Documenting a breaking issue where upgrading numpy beyond version 2 breaks TensorFlow in the ALCF frameworks module.

Sam Foreman 2025-05-03

Something I just learned

The TensorFlow that is included in the new frameworks module (aurora_nre_models_frameworks-2025.0.0) was built with numpy==1.26.4 (< 2).

Unfortunately, if you then (for whatever reason) then tries to install / upgrade a package1 that has numpy in its dependencies, e.g.:

python3 -m pip install --upgrade transformers

This will pull in numpy > 2, effectively breaking the frameworks module.

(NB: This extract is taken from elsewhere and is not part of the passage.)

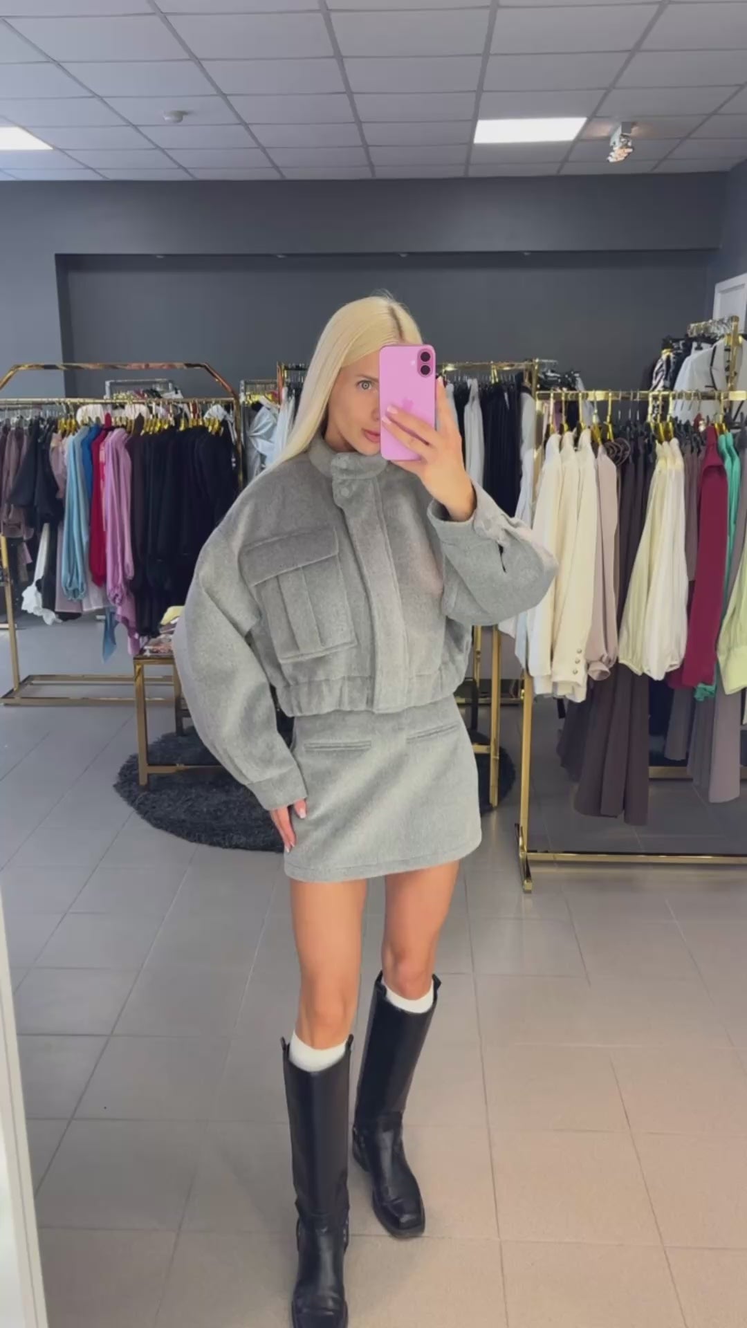 Standaus ‘paltinio’ audinio kostiumėlis. Švarkas/bomberis su pamušalu, tinkamas nešioti ir pavasarį.
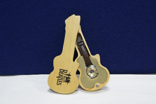 Beetles Watch Engraved On Back With Band Members Faces In Display Case |

In particular, any application that uses intel/extension_for_pytorch:

import intel_extension_for_pytorch as ipex

Will crash with:

A module that was compiled using NumPy 1.x cannot be run in
NumPy 2.2.5 as it may crash. To support both 1.x and 2.x
versions of NumPy, modules must be compiled with NumPy 2.0.
Some module may need to rebuild instead e.g. with 'pybind11>=2.12'.
which is obviously frustrating for an application that is only using PyTorch.

Following through the stack trace, I see that the error is actually coming from huggingface/transformers/image_transforms.py#L47.

Digging around a bit more I found there is a flag in transformers that allows you to bypass the entire import tensorflow as tf logic:

USE_TORCH=1

which not only prevents things from crashing with numpy > 2, but is also noticeably quicker.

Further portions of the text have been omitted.